Records supplied:
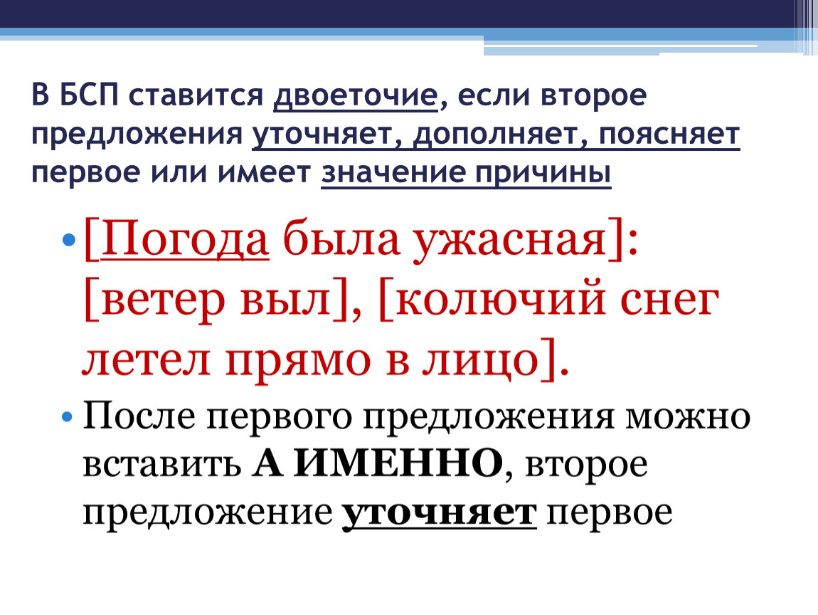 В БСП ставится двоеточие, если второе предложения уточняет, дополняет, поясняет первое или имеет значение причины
* * *
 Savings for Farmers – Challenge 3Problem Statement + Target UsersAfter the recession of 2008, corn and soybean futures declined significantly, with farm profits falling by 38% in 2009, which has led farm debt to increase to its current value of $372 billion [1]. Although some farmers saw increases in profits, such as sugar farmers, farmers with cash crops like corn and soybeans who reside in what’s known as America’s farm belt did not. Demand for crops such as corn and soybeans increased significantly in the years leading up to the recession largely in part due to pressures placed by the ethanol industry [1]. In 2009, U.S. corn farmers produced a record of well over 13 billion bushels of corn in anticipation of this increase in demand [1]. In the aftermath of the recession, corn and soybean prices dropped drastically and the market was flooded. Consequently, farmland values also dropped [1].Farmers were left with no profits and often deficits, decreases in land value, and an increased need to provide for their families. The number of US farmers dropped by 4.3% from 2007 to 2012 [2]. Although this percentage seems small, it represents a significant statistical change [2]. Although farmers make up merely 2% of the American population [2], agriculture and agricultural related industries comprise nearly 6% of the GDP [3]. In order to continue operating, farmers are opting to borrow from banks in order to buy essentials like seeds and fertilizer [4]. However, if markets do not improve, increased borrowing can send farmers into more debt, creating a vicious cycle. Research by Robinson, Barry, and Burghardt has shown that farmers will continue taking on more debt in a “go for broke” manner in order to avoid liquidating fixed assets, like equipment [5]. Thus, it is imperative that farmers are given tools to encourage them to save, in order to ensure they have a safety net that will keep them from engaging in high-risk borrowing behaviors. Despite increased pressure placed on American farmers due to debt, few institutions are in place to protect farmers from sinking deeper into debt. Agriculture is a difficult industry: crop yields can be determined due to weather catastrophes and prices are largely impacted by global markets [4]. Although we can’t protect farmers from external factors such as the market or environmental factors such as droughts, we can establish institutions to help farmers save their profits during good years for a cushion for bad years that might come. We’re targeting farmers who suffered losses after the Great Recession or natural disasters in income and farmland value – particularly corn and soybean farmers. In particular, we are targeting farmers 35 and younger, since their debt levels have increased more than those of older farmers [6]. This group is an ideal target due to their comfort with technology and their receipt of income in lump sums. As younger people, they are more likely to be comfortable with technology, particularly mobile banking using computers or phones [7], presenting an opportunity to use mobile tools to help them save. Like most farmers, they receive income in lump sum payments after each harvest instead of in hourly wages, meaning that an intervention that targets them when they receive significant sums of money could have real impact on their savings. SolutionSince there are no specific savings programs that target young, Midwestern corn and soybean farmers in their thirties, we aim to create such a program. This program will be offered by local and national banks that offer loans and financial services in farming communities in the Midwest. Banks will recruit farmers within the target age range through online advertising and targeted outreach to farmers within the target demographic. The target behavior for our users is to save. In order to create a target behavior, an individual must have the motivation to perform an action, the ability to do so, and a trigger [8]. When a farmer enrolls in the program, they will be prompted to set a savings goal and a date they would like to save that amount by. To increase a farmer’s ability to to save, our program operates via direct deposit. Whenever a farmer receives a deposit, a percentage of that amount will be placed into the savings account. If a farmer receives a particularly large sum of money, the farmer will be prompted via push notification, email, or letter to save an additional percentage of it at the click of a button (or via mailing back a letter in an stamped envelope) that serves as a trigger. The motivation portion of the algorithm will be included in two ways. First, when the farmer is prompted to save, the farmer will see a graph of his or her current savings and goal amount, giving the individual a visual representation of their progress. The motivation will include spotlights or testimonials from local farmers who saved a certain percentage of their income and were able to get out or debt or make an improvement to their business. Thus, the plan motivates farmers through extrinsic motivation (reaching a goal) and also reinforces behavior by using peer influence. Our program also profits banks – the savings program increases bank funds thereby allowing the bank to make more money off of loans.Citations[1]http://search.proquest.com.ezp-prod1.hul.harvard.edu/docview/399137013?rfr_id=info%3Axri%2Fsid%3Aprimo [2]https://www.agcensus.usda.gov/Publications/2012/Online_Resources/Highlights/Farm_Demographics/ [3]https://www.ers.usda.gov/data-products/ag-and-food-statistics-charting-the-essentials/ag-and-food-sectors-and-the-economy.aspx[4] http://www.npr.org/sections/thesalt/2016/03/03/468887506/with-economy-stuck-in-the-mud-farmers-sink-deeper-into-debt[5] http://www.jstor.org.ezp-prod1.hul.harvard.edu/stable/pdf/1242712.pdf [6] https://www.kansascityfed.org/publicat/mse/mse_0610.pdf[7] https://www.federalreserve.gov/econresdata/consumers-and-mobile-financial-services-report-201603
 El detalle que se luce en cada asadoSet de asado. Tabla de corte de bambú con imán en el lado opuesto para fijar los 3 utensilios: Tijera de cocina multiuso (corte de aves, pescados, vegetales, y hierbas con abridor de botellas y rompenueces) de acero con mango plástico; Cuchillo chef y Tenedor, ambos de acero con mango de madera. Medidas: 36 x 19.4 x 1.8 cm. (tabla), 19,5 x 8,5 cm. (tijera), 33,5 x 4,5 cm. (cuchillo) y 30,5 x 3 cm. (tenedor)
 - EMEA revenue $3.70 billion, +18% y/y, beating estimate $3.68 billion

About this task:
Please transcribe only the lines in the records above running from the line that has "El detalle que" through the line that has "- EMEA revenue", both included, exactly as they appear.

Exercise output:
 El detalle que se luce en cada asadoSet de asado. Tabla de corte de bambú con imán en el lado opuesto para fijar los 3 utensilios: Tijera de cocina multiuso (corte de aves, pescados, vegetales, y hierbas con abridor de botellas y rompenueces) de acero con mango plástico; Cuchillo chef y Tenedor, ambos de acero con mango de madera. Medidas: 36 x 19.4 x 1.8 cm. (tabla), 19,5 x 8,5 cm. (tijera), 33,5 x 4,5 cm. (cuchillo) y 30,5 x 3 cm. (tenedor)
 - EMEA revenue $3.70 billion, +18% y/y, beating estimate $3.68 billion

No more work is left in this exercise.